---------- Record extracts

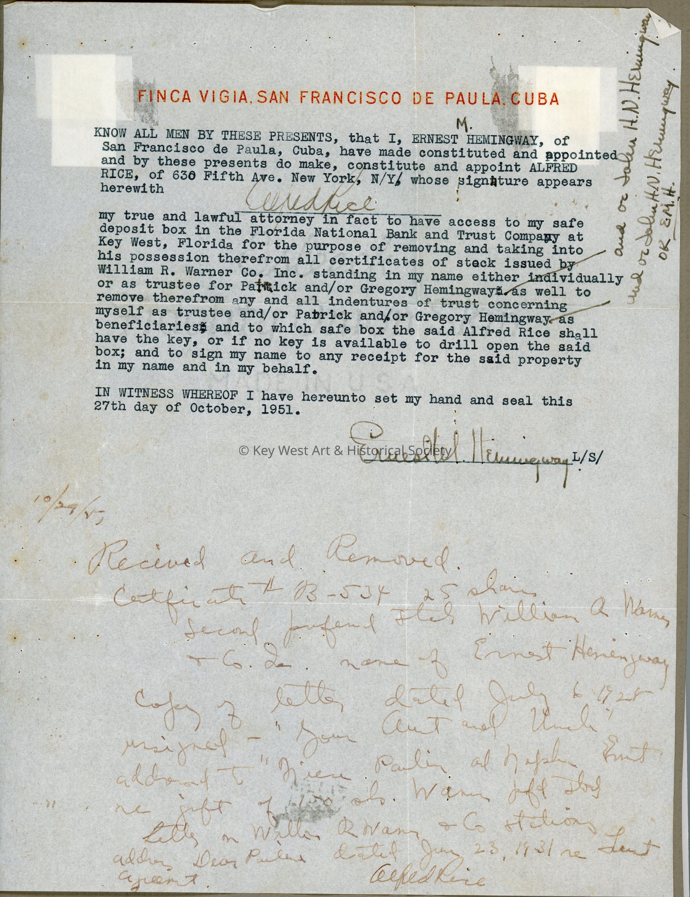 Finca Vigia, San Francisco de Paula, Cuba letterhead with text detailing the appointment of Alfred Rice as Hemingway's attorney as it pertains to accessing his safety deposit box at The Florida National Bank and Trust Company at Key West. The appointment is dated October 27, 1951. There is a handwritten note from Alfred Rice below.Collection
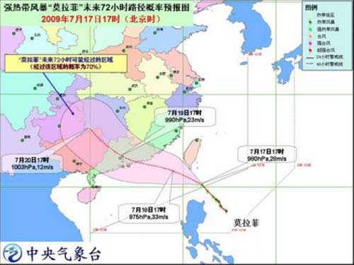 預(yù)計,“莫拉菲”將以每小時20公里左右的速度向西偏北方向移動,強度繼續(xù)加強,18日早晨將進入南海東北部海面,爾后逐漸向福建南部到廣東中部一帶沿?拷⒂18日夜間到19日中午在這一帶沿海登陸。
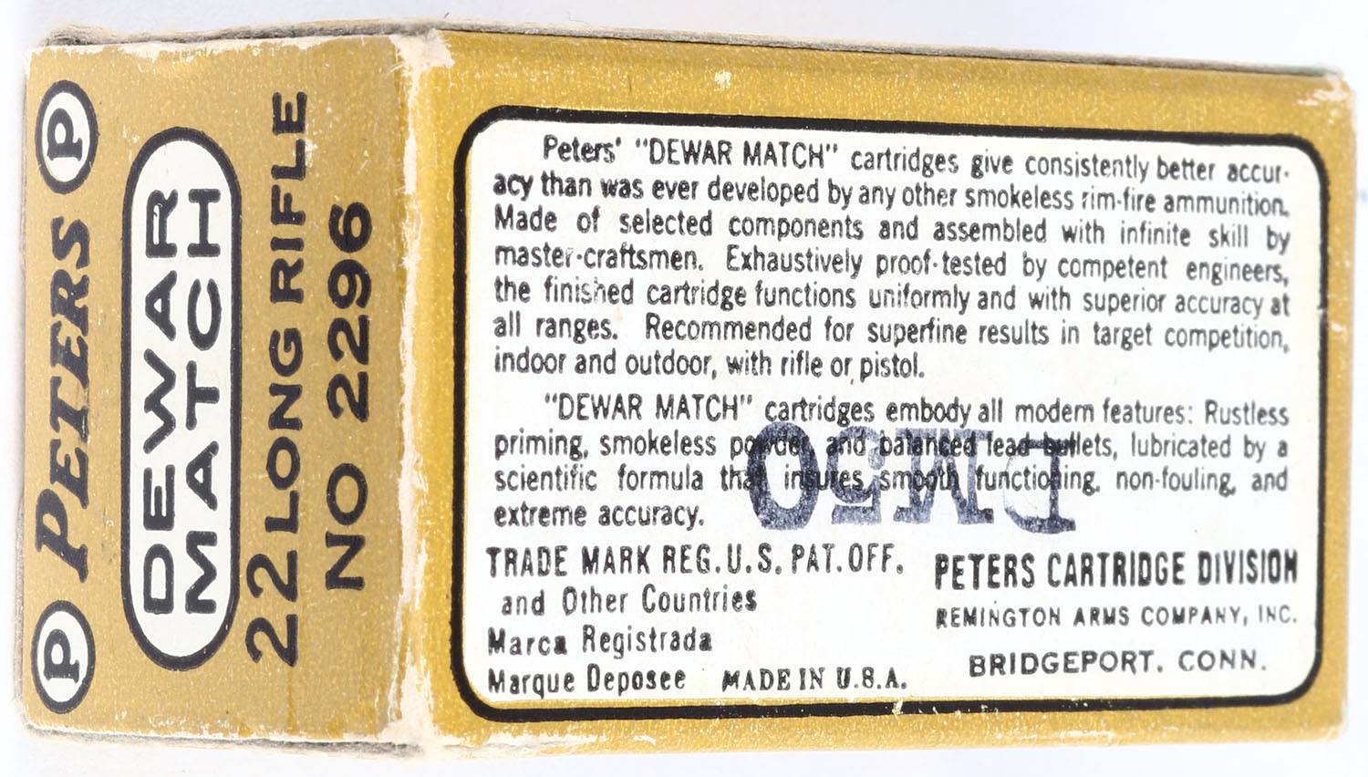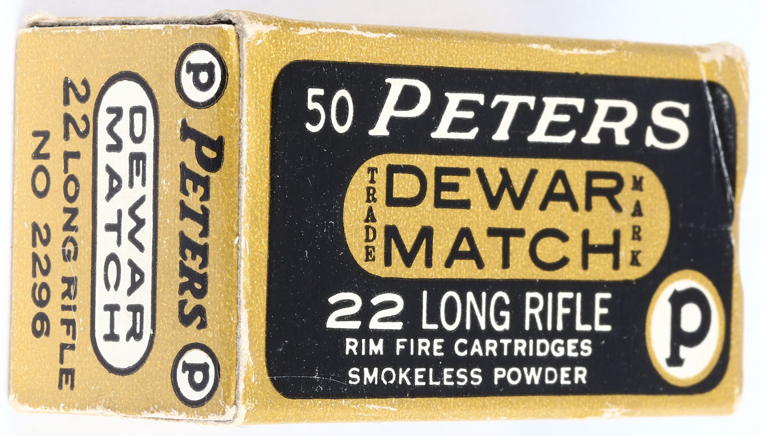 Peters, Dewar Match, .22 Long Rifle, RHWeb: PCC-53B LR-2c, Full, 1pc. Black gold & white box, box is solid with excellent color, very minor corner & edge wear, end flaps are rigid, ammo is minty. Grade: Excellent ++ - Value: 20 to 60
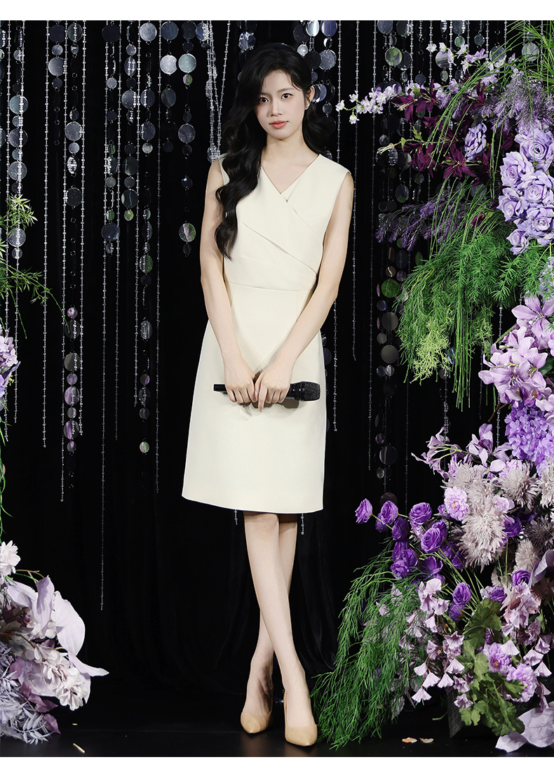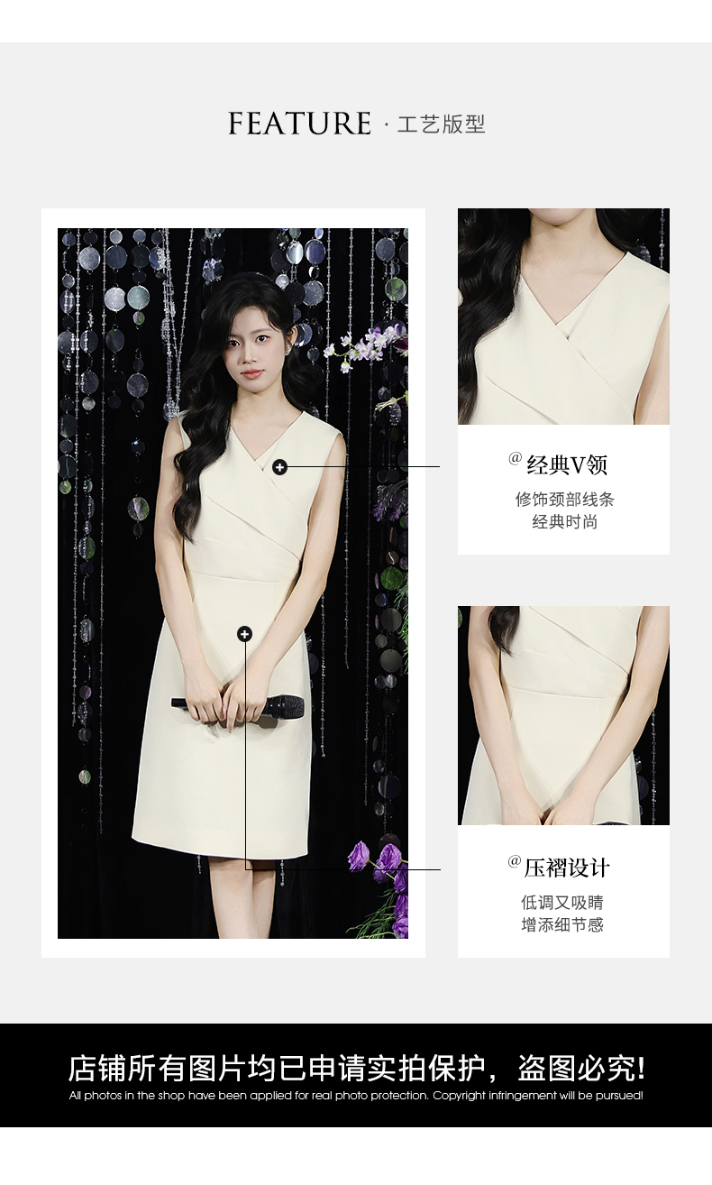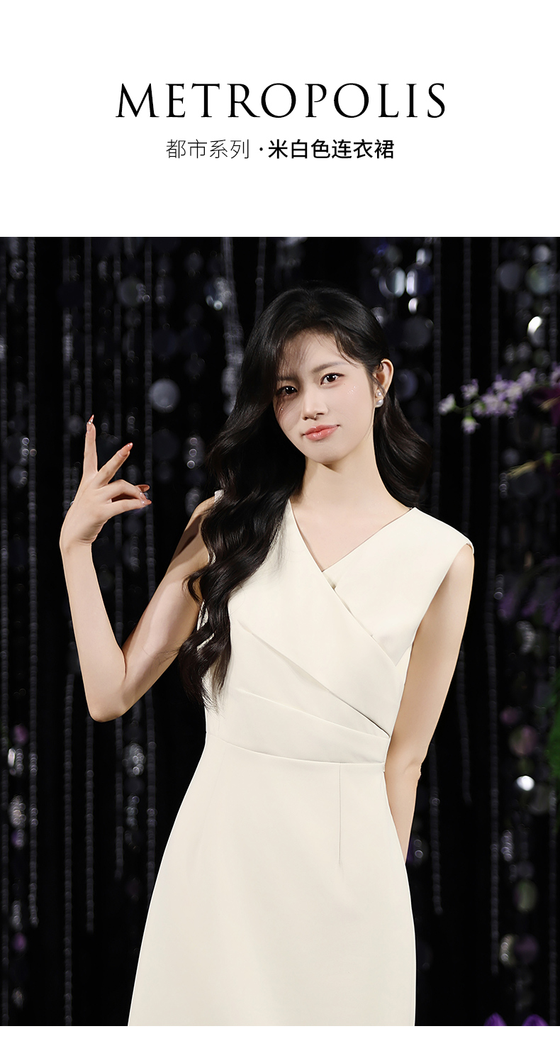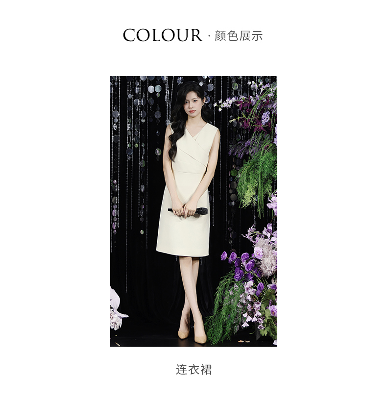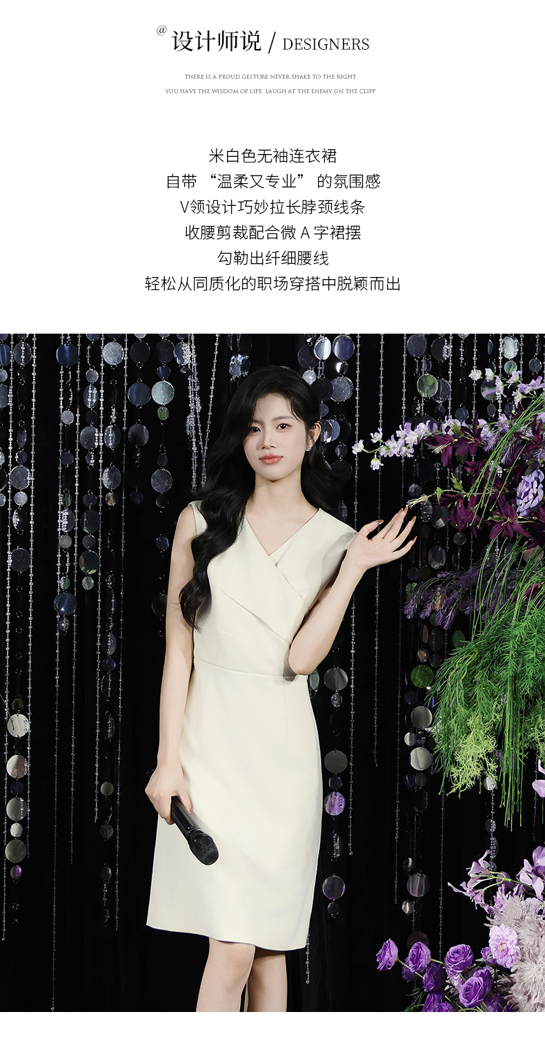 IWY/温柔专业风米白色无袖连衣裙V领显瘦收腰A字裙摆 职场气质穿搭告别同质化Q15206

--------------------
---------- Record extracts

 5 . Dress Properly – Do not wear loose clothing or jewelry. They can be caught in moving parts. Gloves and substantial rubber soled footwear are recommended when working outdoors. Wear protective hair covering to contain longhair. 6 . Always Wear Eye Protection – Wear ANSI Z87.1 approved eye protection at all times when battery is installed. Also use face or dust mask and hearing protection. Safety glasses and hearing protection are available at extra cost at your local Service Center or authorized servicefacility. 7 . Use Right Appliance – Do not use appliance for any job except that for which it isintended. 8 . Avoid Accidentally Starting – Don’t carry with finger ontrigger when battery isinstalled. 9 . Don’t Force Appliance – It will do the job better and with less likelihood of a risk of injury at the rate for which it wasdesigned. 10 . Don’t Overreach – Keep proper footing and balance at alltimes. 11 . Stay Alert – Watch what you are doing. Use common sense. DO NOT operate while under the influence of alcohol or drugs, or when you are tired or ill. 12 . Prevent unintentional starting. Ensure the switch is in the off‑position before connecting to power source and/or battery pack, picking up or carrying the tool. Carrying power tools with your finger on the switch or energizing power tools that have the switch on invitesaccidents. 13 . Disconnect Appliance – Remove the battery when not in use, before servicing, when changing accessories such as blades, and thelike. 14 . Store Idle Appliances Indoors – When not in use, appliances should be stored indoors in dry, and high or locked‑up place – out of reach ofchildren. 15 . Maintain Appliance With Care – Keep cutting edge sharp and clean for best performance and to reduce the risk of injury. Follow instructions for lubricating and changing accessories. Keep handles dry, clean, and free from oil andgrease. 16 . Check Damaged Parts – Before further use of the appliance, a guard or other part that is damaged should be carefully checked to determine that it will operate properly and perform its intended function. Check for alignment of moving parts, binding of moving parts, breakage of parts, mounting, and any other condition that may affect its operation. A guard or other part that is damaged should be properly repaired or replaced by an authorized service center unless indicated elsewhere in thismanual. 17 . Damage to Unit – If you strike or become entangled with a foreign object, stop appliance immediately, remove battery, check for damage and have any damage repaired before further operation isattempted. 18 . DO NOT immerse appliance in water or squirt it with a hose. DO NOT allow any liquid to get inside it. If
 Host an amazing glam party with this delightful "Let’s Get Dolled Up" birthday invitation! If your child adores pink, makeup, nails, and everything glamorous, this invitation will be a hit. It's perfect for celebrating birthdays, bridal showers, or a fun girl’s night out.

--------------------
---------- Record extracts

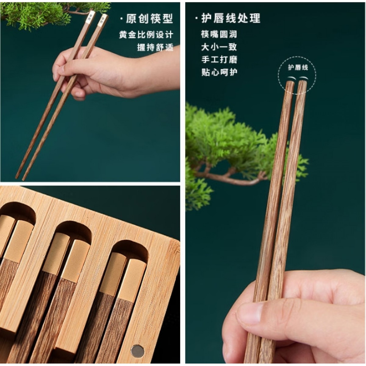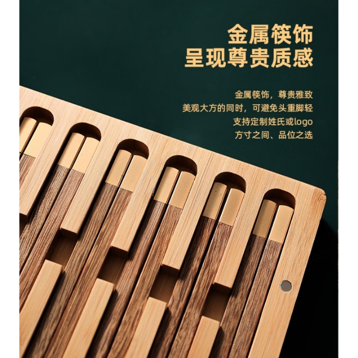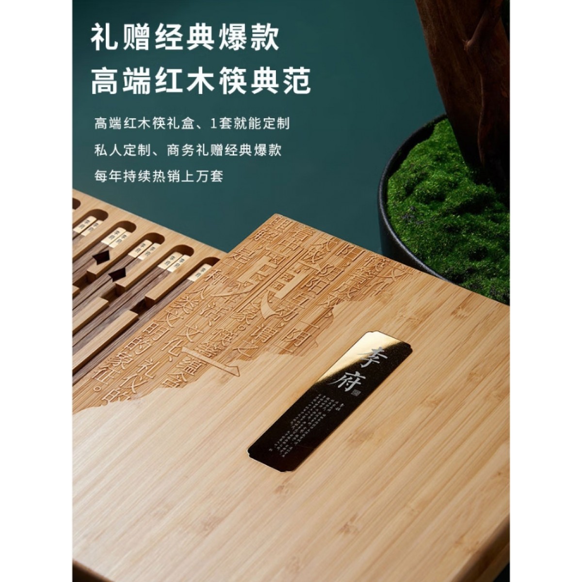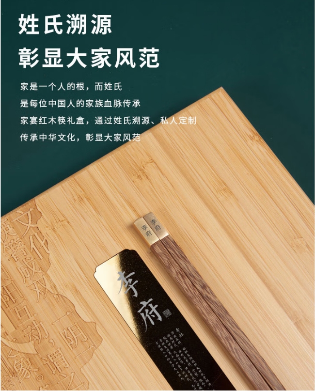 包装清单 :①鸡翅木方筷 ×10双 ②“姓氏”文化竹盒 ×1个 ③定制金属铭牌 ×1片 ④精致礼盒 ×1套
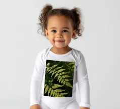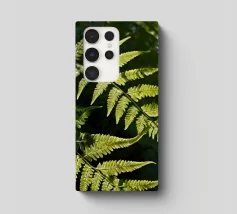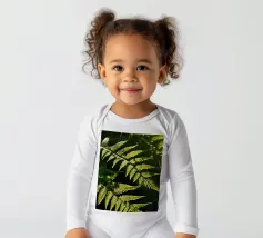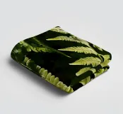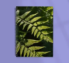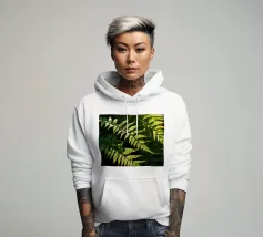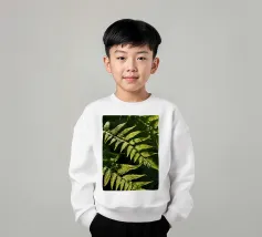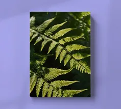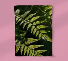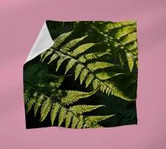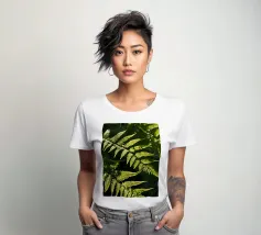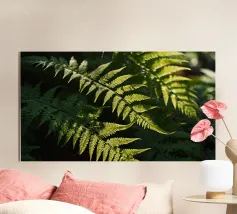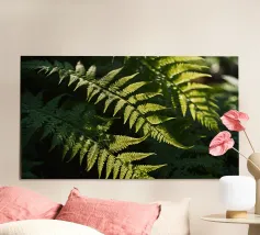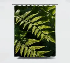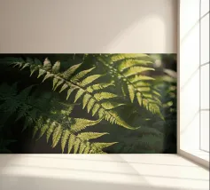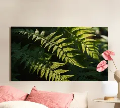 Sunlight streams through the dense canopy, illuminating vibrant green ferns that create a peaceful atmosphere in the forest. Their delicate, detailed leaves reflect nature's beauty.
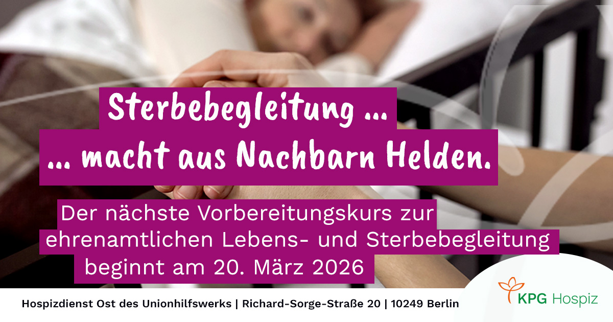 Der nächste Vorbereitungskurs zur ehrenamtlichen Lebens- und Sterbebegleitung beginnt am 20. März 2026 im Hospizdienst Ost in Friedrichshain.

--------------------

» **Work order**: Output exactly those lines of the data above that run from the line with "Sunlight streams through" up to and including the line with "Der nächste Vorbereitungskurs". No pictures go in.

» **Output for this task**:
 Sunlight streams through the dense canopy, illuminating vibrant green ferns that create a peaceful atmosphere in the forest. Their delicate, detailed leaves reflect nature's beauty.
 Der nächste Vorbereitungskurs zur ehrenamtlichen Lebens- und Sterbebegleitung beginnt am 20. März 2026 im Hospizdienst Ost in Friedrichshain.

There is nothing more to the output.